Provided information:
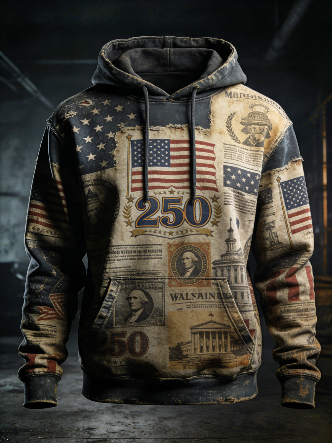 Men's Vintage USA Anniversary American Flag Art Print Pocket Hoodie
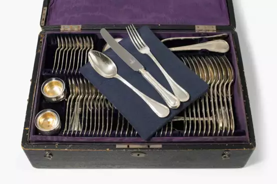 Silber, 129-teilig. Herstellermarke Jarosinki & Vaugoin. Bestand: 12 Tafellöffel, 12 -messer und 12 -gabeln, 12 Dessertlöffel, 12 -messer und 12 -gabeln, 12 Kuchengabeln, 12 Kaffeelöffel, 10 Mokkalöffel, 11 Servierbestecke und 2 Salièren. In originalem Kasten. Wiener Amtspunze, Herstellermarke, Feingehalt 800. Ca. 5470 g (ohne Messer).
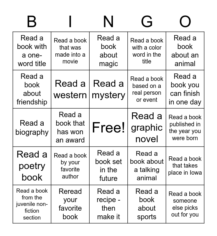 This bingo card has a free space and 24 words: Read a book by your favorite author, Reread your favorite book, Read a mystery, Read a book from the juvenile non-fiction section, Read a book about an animal, Read a book with a one-word title, Read a book about friendship, Read a book that was made into a movie, Read a graphic novel, Read a book set in the future, Read a book based on a real person or event, Read a biography, Read a book about a talking animal, Read a book that takes place in Iowa, Read a western, Read a book about sports, Read a book published in the year you were born, Read a book about magic, Read a book you can finish in one day, Read a book that has won an award, Read a book someone else picks out for you, Read a poetry book, Read a book with a color word in the title and Read a recipe - then make it.
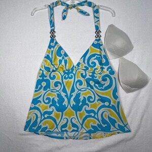 Jantzen Women's Size 14 Halter Swim Tankini Top Metal Accent Blue Yellow Floral
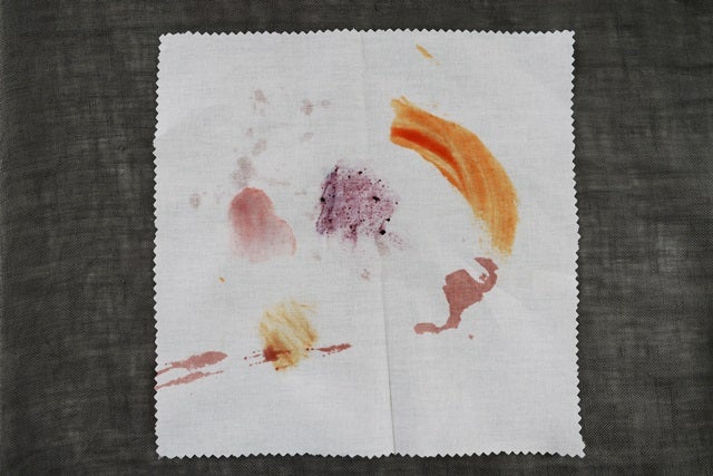Provade de värsta fläckarna jag kunde komma på på en duk. Här är mosade jordgubbar, blåbär, rödvin, ketchup och choklad.
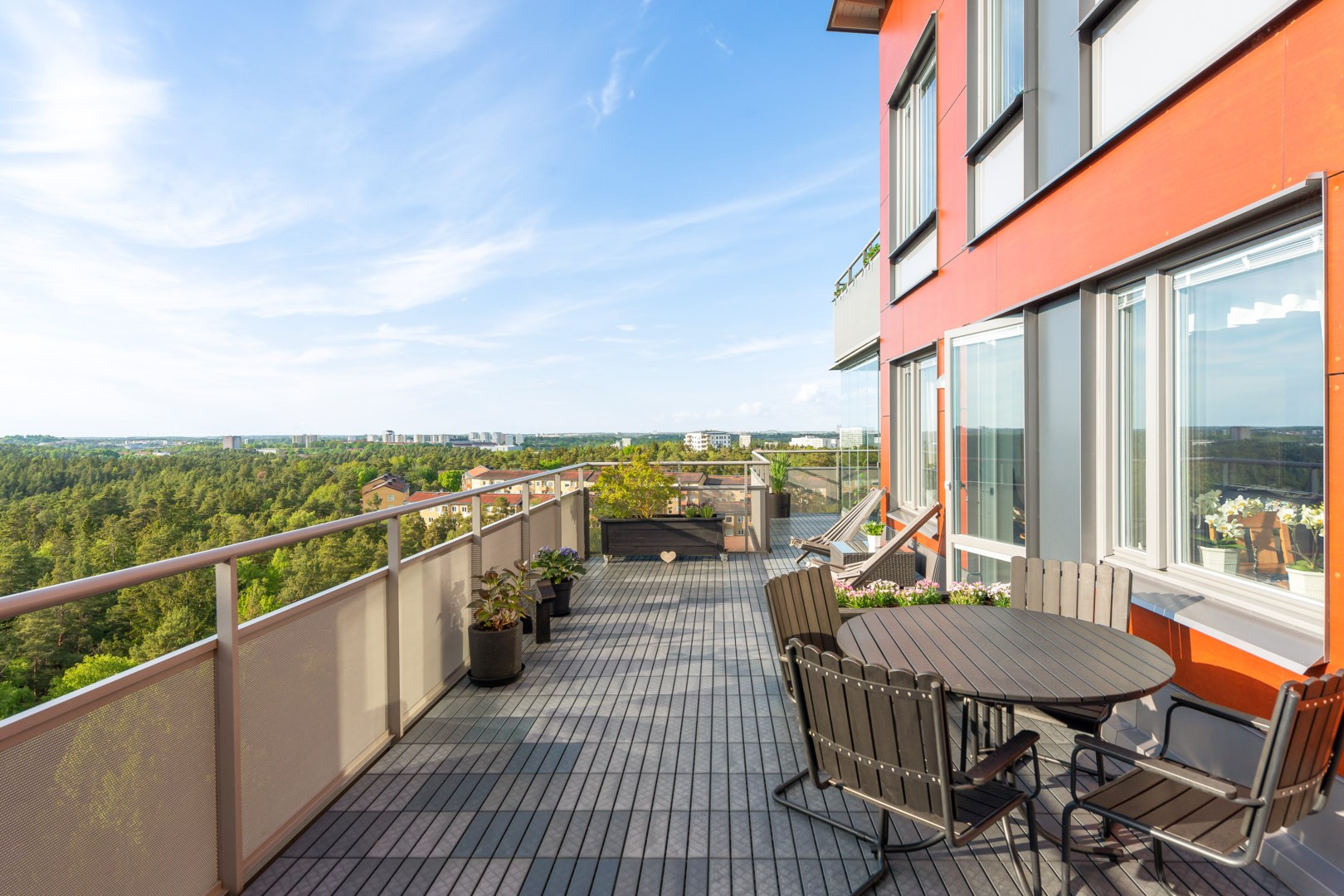 Välkommen till denna unika trea på våning 11 med en generös terass och inglasad balkong med utsikt över Mälaren och trädtopparna. Terassen vetter i sydvästläge med magiska solnedgångar som måste upplevas på plats. Balkongen är tillräckligt stor för både loungegrupp och caféset och kan användas året
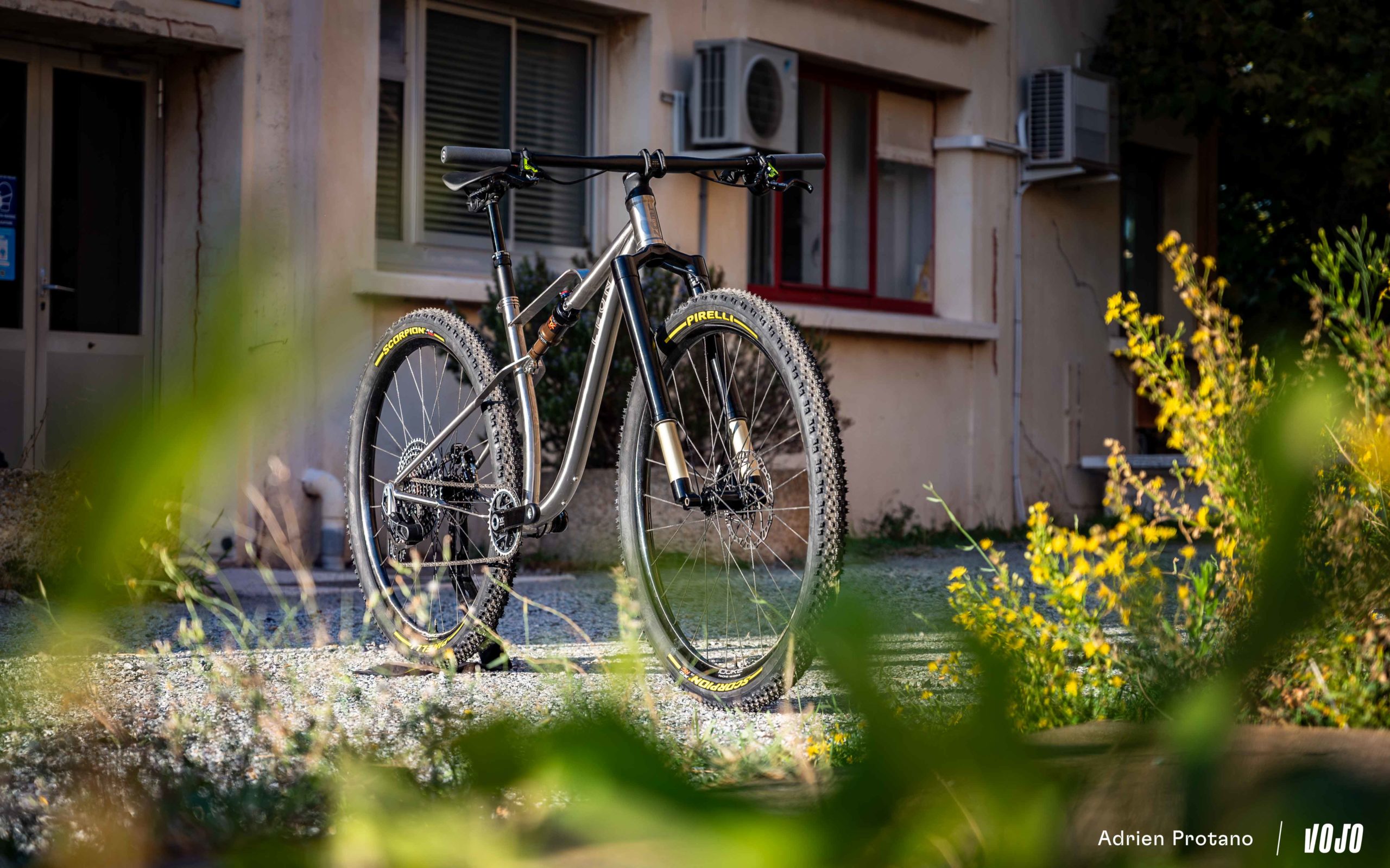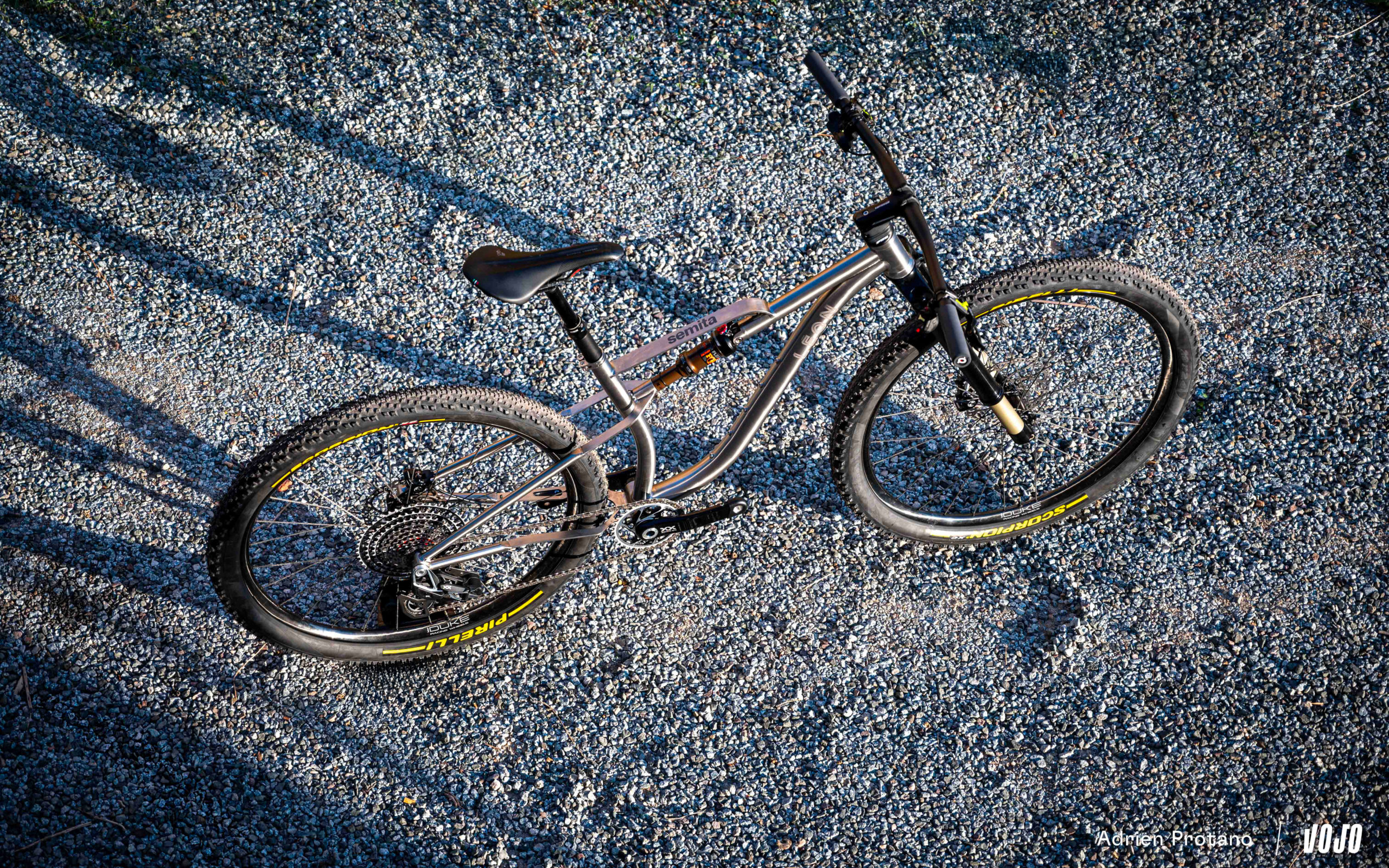 Ce nouveau-venu au sein de la marque française a toutefois une géométrie tout à fait contemporaine, mais pas extrême. Elle est caractérisé par un angle de direction de 67°, un angle de tube de selle de 76° et des bases de 435 mm. Comme d’habitude, les chiffres c’est bien, le test terrain c’est mieux !
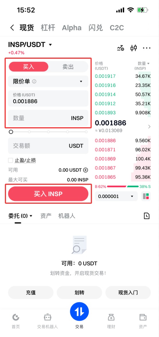 3.点击INSP/USDT进入详情页面,就可以看到该币种的交易信息以及市场信息,点击下方的买入按钮
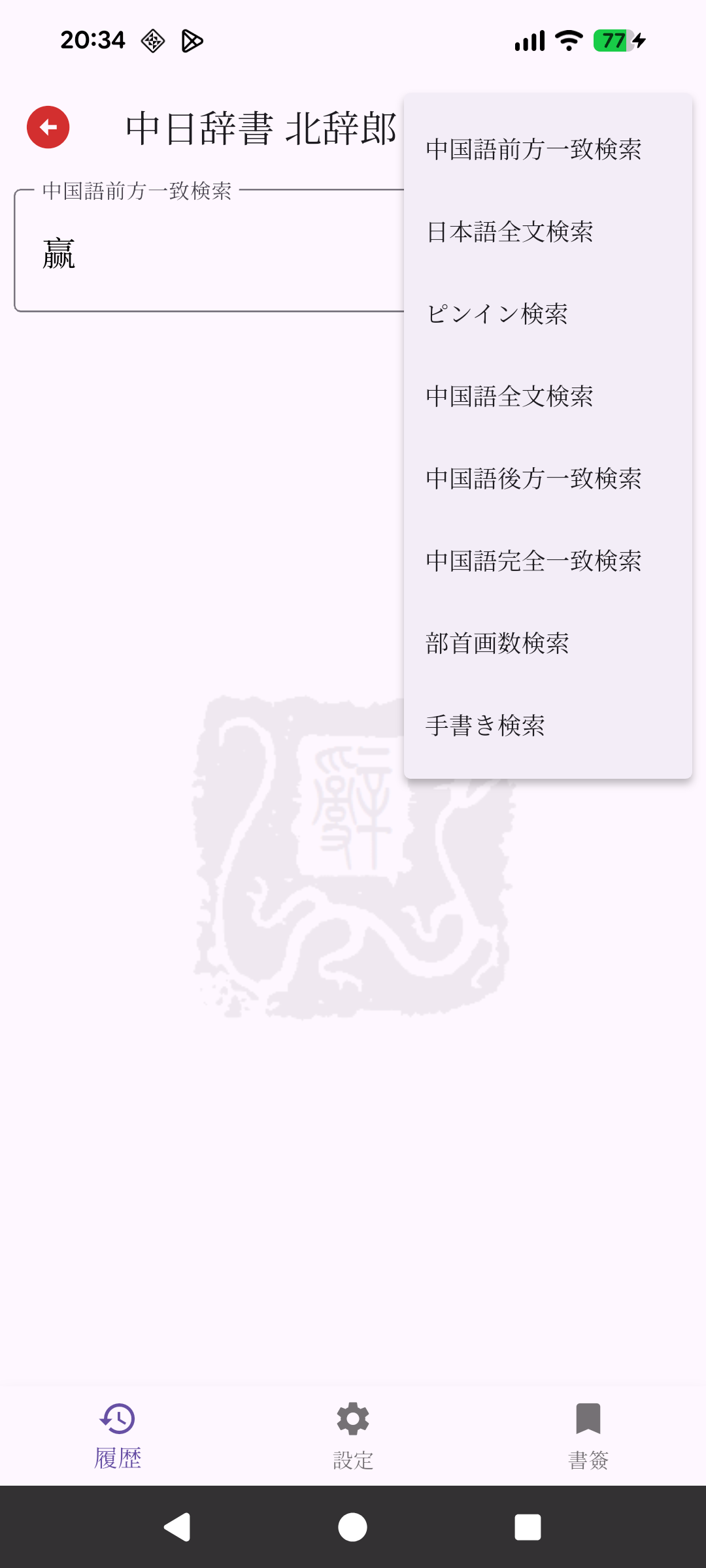 画面右上のオプションボタンから検索方法を選択できます。中国語の前方一致、後方一致、全文検索、完全一致、日本語全文検索、ピンイン検索、部首画数検索、手書き検索からお選びください。

What to work on: Your reply should consist solely of the lines from the one containing "Ce nouveau-venu au" through the last line of the material, reproduced exactly and without pictures.

Answer space:
 Ce nouveau-venu au sein de la marque française a toutefois une géométrie tout à fait contemporaine, mais pas extrême. Elle est caractérisé par un angle de direction de 67°, un angle de tube de selle de 76° et des bases de 435 mm. Comme d’habitude, les chiffres c’est bien, le test terrain c’est mieux !
 3.点击INSP/USDT进入详情页面,就可以看到该币种的交易信息以及市场信息,点击下方的买入按钮
 画面右上のオプションボタンから検索方法を選択できます。中国語の前方一致、後方一致、全文検索、完全一致、日本語全文検索、ピンイン検索、部首画数検索、手書き検索からお選びください。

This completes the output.